Recently, notable advancements have been made in the development of hIEC models (68). Several groups have generated two-dimensional (2D) hSI monolayer models of epithelial-like cells from human pluripotent stem cells (hPSCs), including human embryonic stem cells (hESCs) and induced pluripotent stem cells (iPSCs), although considerable room exists for improving the differentiation efficiency and achieving sufficient expression and activities of small intestinal drug-metabolizing enzymes and drug transporters (7, 9, 10). 3D human intestinal organoids (hIOs) with small intestine–like cell composition either derived from hPSCs or the dissociated crypts of intestinal tissues is another attractive model. We have previously reported a method for in vitro maturation of hPSC-derived hIOs that closely resemble adult human intestinal tissues at the molecular and functional levels (11). Although 3D hIOs represent an advanced culture system showing physiologically relevant phenotypes and integrate several microenvironmental features of hSI in vitro (12), they cannot be as easily used for classical intestinal assays as determined using 2D monolayer cultures. Generation of a monolayer hSI model derived from hIOs is challenging owing to the difficulty in growing intestinal epithelial cells as confluent monolayers due to the lack of the proliferative cell populations within hIOs (13). Therefore, an optimal differentiation and culture method that enables directed differentiation of hPSCs into hIEC monolayers and generates hIO-derived hIEC monolayers to mimic the in vivo–like intestinal cell composition and functional characteristics is required.

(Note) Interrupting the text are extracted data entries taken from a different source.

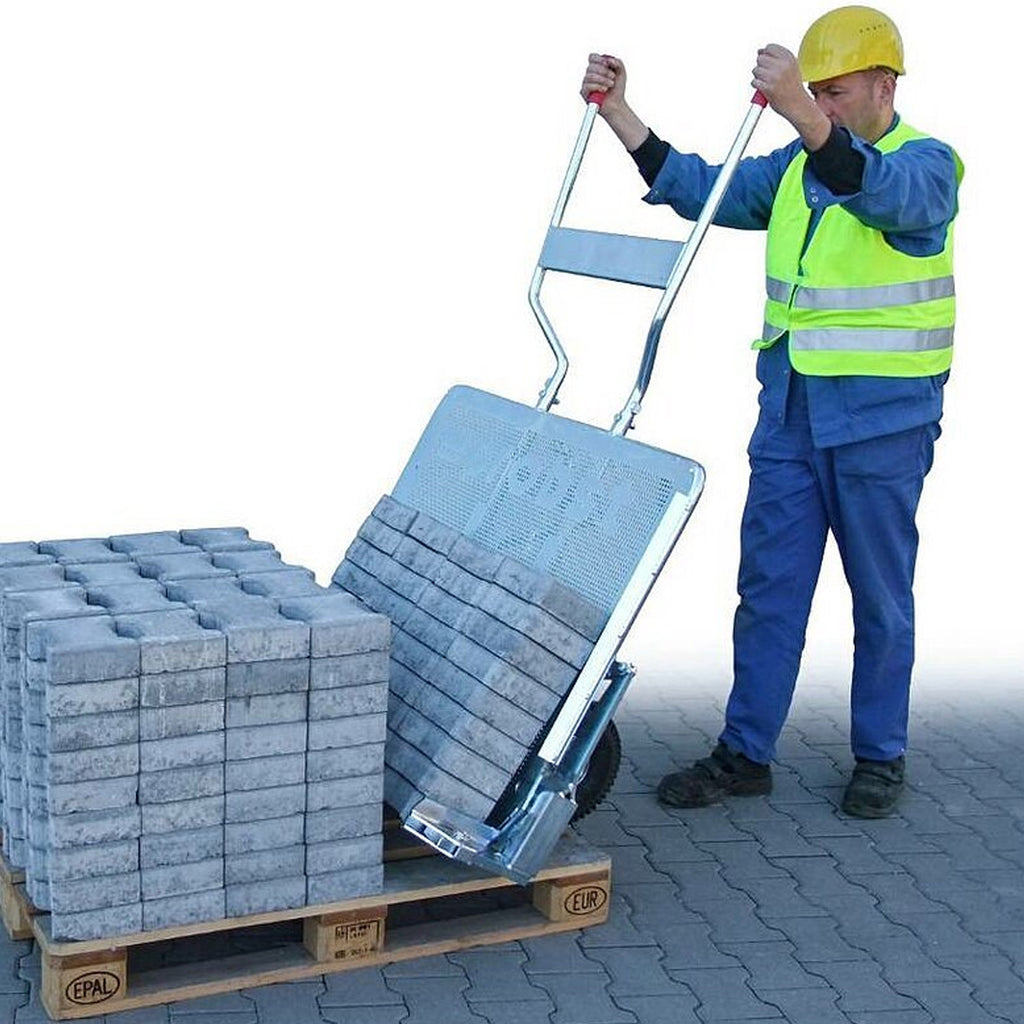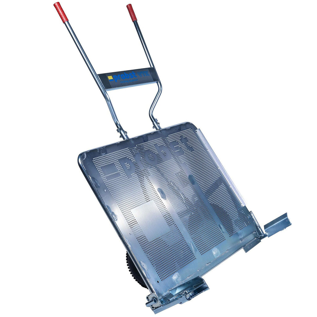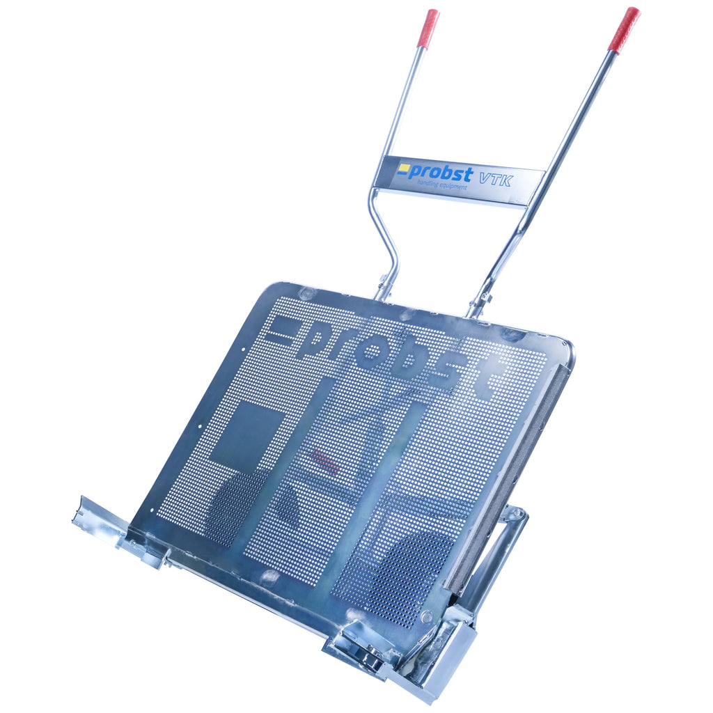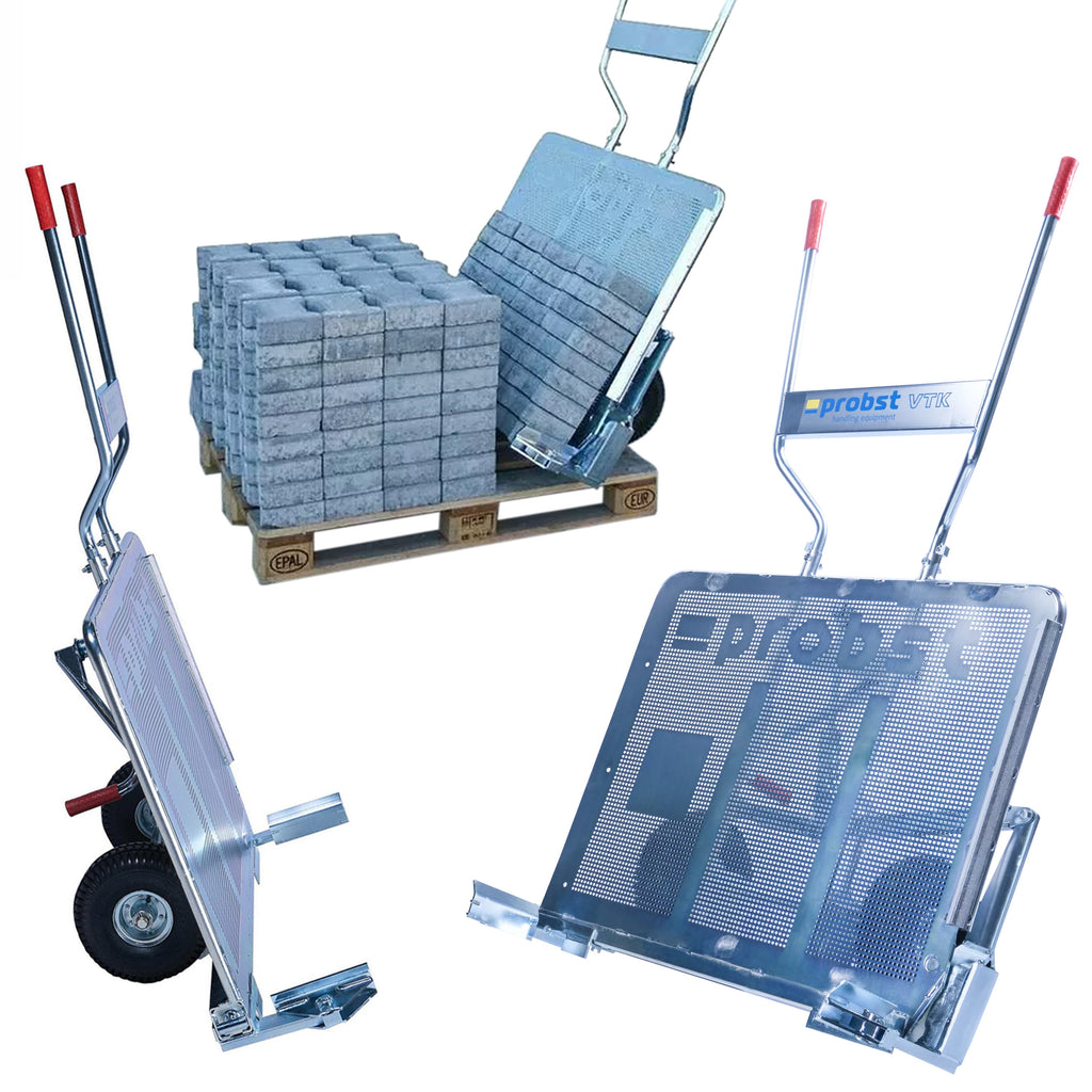 Wózek brukarski Probst VTK-V to w pełni mechaniczne, niezawodne urządzenie do bezwysiłkowego transportu różnego rodzaju płyt, kostek brukowych czy krawężników. Pozwala na przewiezienie luźnych elementów, jak i tych związanych. Ten regulowany wózek do kostki VTK-V to model wyposażony w specjalne chwyty, umożliwiające dopasowanie zacisku w zakresie 550-1050 mm. Chwytanie odbywa się za pomocą dźwigni 90°, gdzie maksymalny nacisk to 15 kg. Jednak limit obciążenia roboczego wynosi 400 kg.
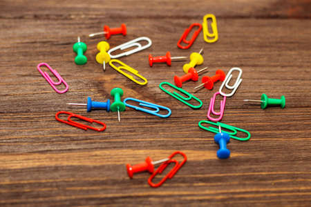 Set of various colorful paper clips on wooden desk. Many stationery office tools.
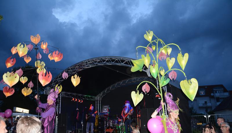 "Lichterträume" nennt die Gruppe "Pantao" ihren Auftritt, den sie eigens für Bad Friedrichshall kreierten und mit dem sie die Menschen begeistern. "In jedem Licht ist ein Traum enthalten, der heute Abend Realität werden kann", sagt der Stelzenmann aus drei Meter Höhe herunter. Zusammen mit seiner Partnerin wird er von zahlreichen Handykameras geknipst: "Diese Traum-Figuren sind einfach zauberhaft", sagt Gerda Brück aus Heidelberg und drückt auf den Auslöser ihrer Kamera.
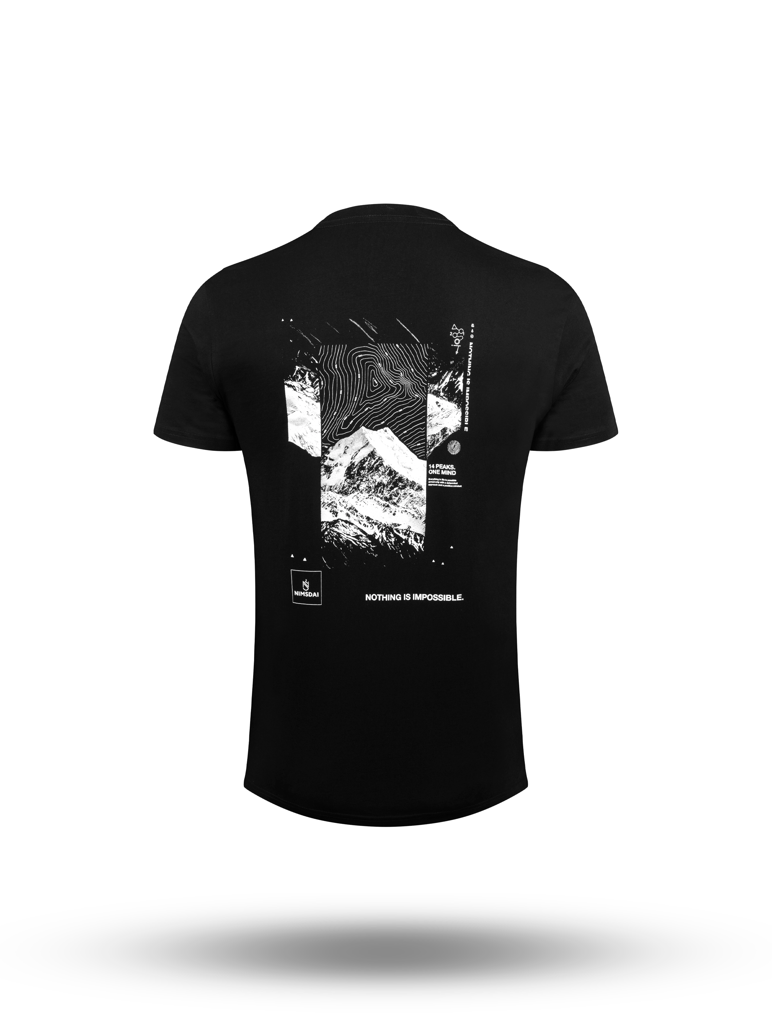 Clean on the front, the back features a striking multi-panel graphic that combines raw mountain imagery with precision topographic lines capturing the intersection of nature and data.
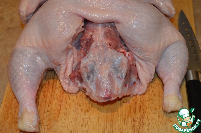 Через место потрошения удаляем кости у курицы. Для этого укладываем ее на грудку и, нажимая на спину, переламываем бедренные кости. Отрезаем лишний жир и гузку. Далее аккуратно, как бы соскабливая, отделяем кости со спинки, вынимаем каркас. Перевернув курицу, проделываем то же самое с грудкой. Косточки голени и крыльев можно оставить, так курочка будет красиво смотреться, и любителям погрызть косточки тоже кое-что останется.
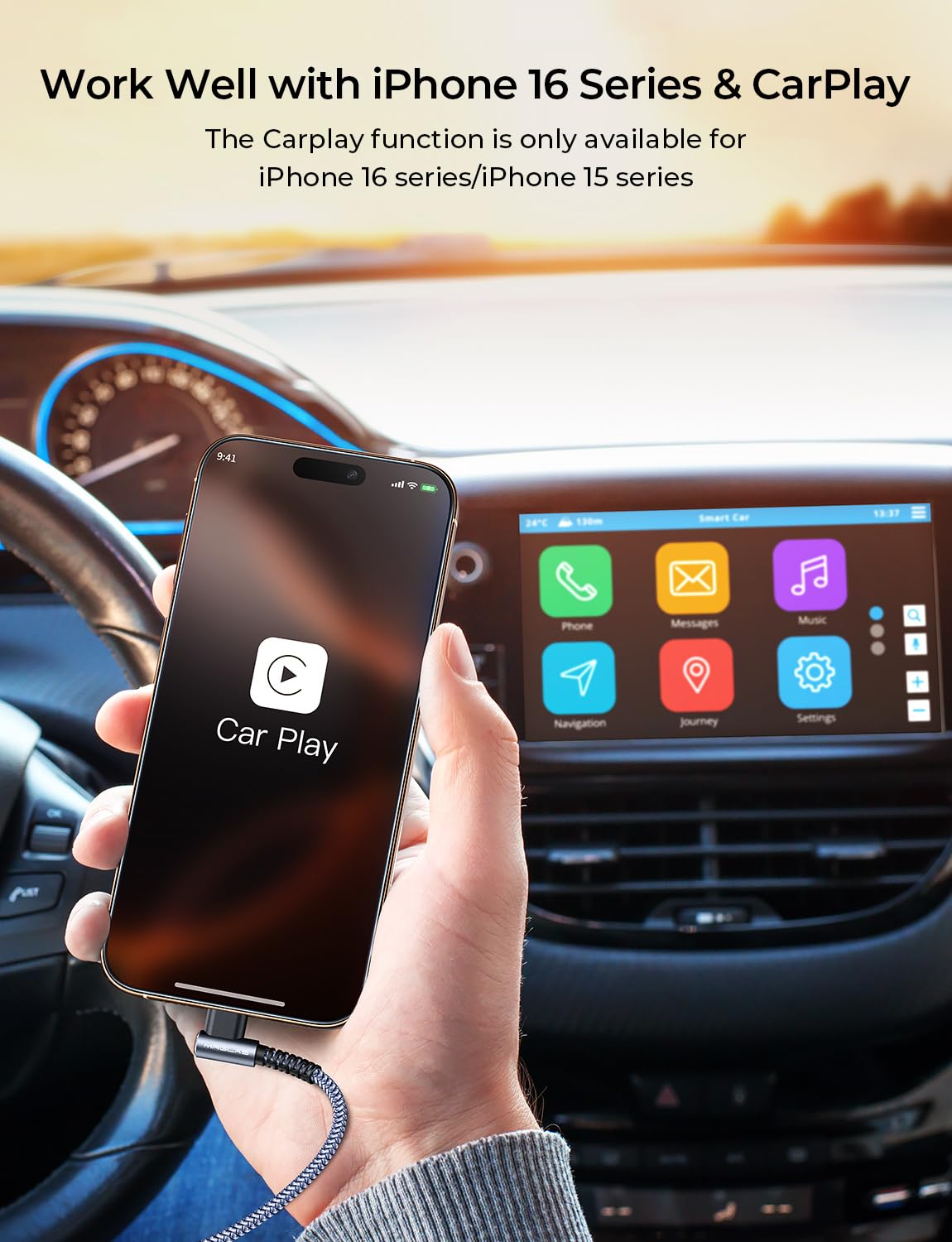 -17%- 2-Year Promise: We’re so confident in our cables, we are responsible for all quality issues. It’s the only cable you will ever need to buy. We provide this 2-pack 3.2A premium nylon-braided CarPlay usb c charger cable right angle (6.6ft+6.6ft)
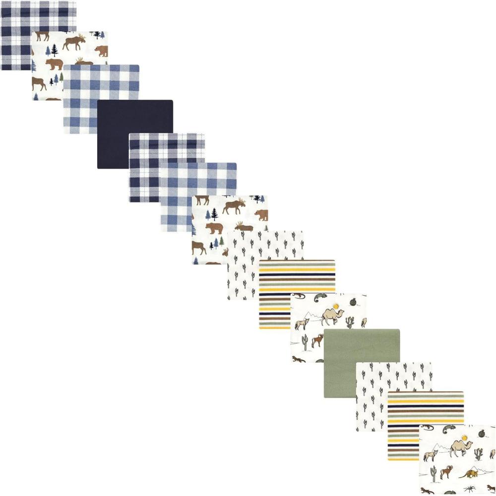 Hudson Baby Unisex Baby Cotton Flannel Receiving Blankets Bundle Set, Woodland, One Size(Moose Bear Desert Animals)
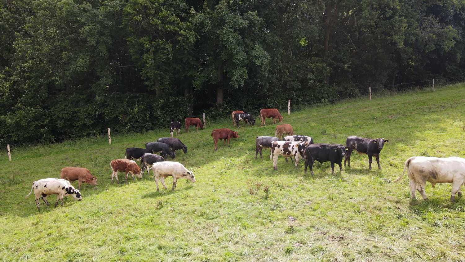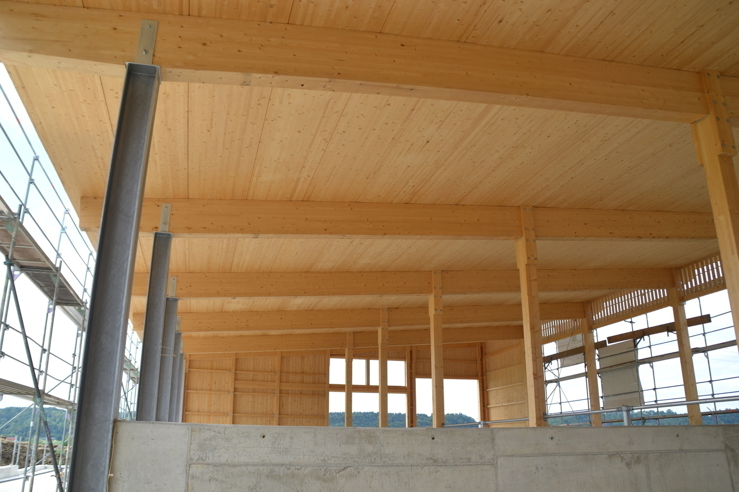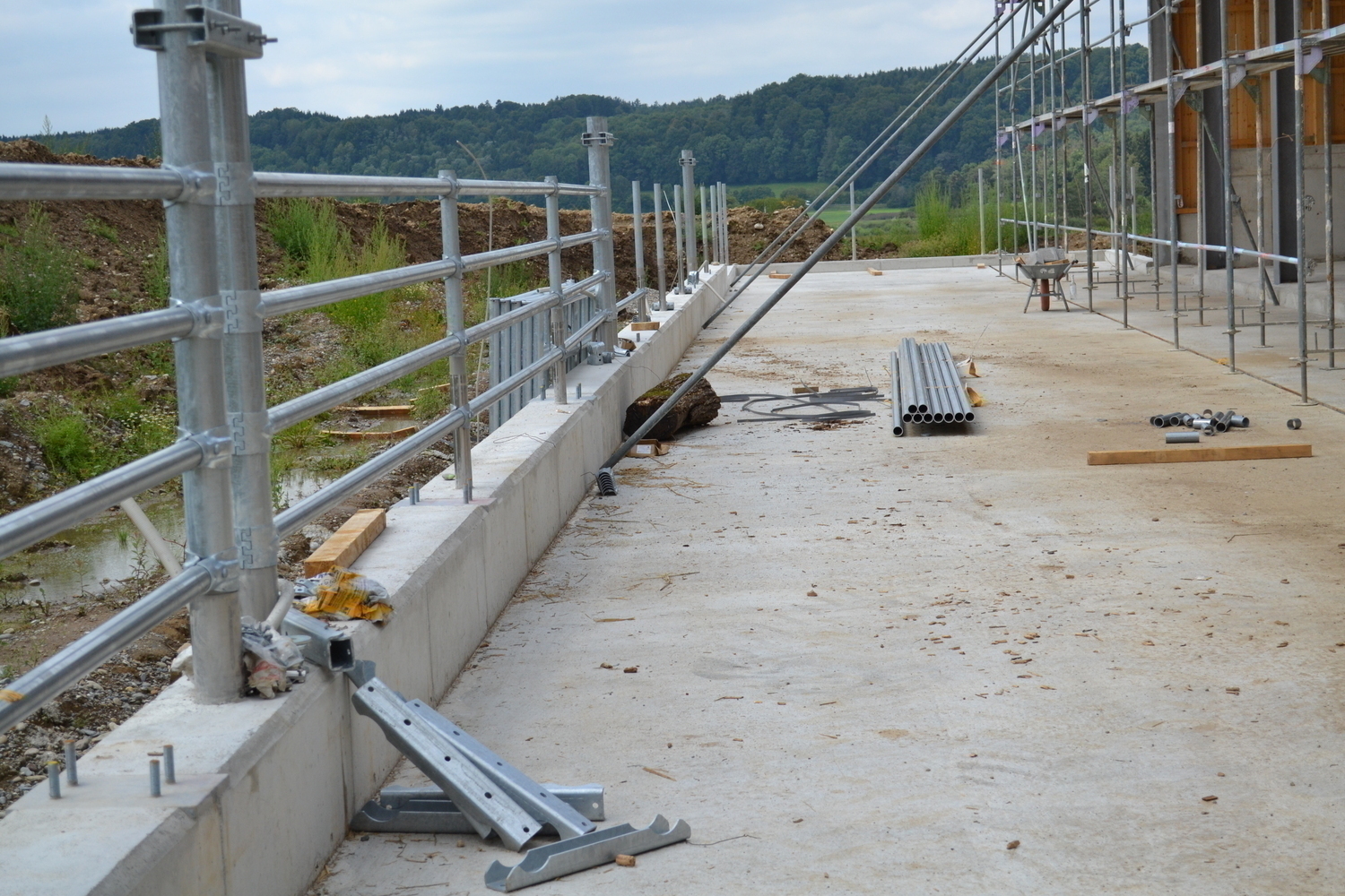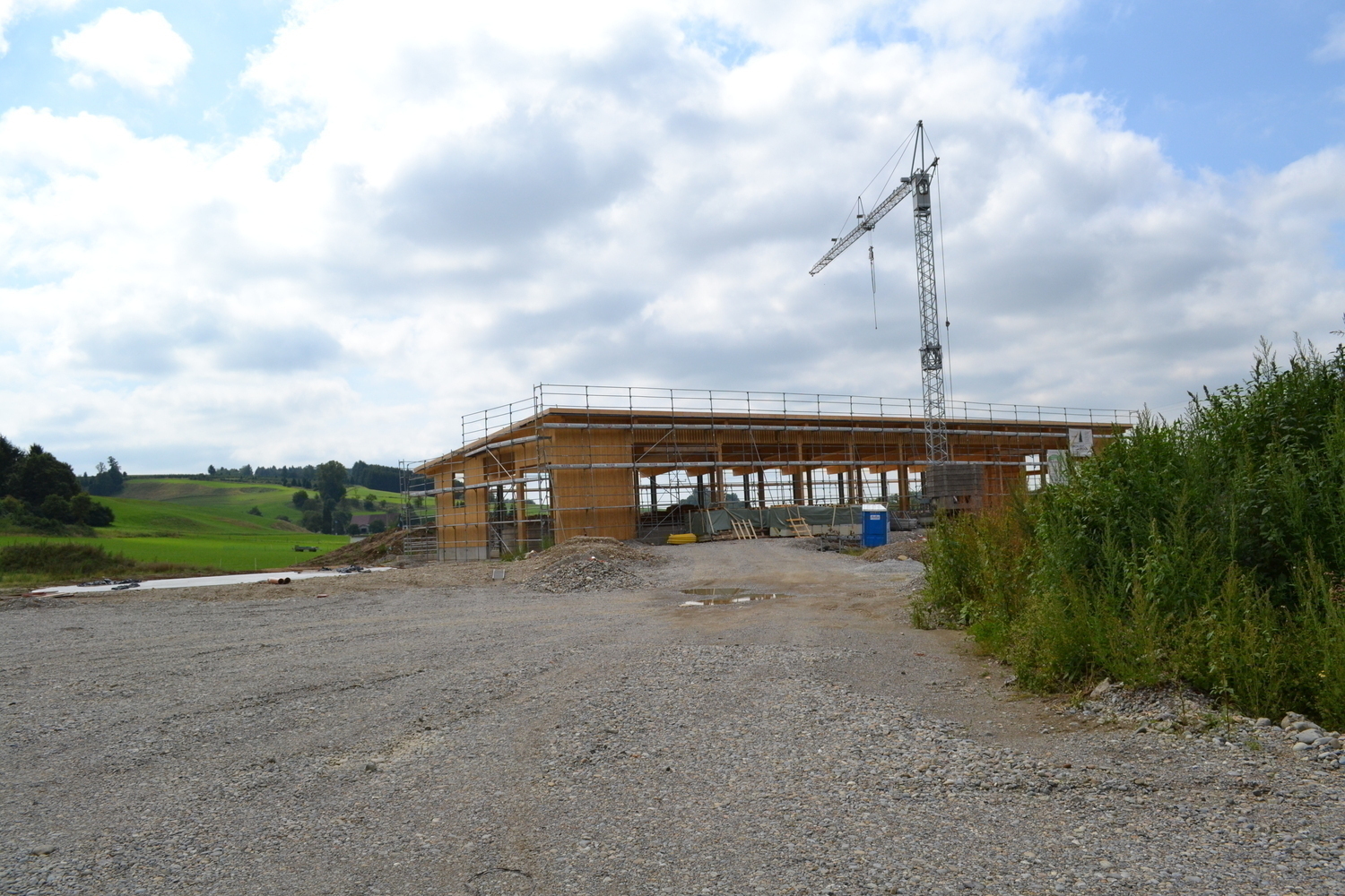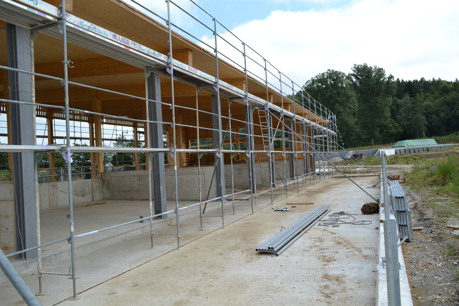 Der Besucherwall erlaubt einen direkten Einblick in den Maststall, auf die Weide der Mutterkühe und zum Hühnermobil
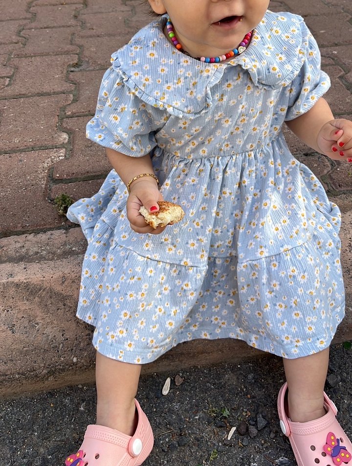 Pamuklu, pastel mavi renkli, bol kesim kız elbisesi. Kısa balon kollu, yakalı ve fırfırlı, çiçekli desenlidir.

Wnt and Notch signaling are well-known signaling pathways; a cross-talk between these pathways regulates intestinal stem cell (ISC) differentiation (14, 15). Active Wnt and Notch signaling pathways are important for crypt maintenance via self-renewal of ISCs (16). Inhibition of Wnt signaling results in crypt loss due to ISC loss and destruction of intestinal epithelial barrier (17, 18). In the absence of Notch signaling, ISCs differentiate to secretory lineage cells leading to ISC depletion and ultimately secretory metaplasia (19). On the basis of these observations, several distinct in vitro differentiation protocols using Wnt and Notch modulators have been reported for the differentiation of hPSCs into intestinal lineages (20). Although current evidence suggests that absorptive enterocytes appear under conditions of Wnt inhibition and Notch activation (21), most of the studies have reported that hPSCs differentiate into intestinal absorptive enterocytes in the presence of Wnt activators such as R-spondin 1, Wnt3a, (20Z, 30E)-6-bromoindirubin-30-oxime (BIO), CHIR99021, and LY2090314 and Notch inhibitors such as N-[N-(3,5-difluorophenacetyl-l-alanyl)]-(2)-phenylglycine t-butyl ester (DAPT) (7, 8, 10, 22). Therefore, development and optimization of differentiation methods are required for generating functional hIECs comprising multiple intestinal cell types via fine-tuning of the Wnt and Notch signaling pathways and subsequent direct lineage differentiation into mature absorptive and secretory cells (16, 21).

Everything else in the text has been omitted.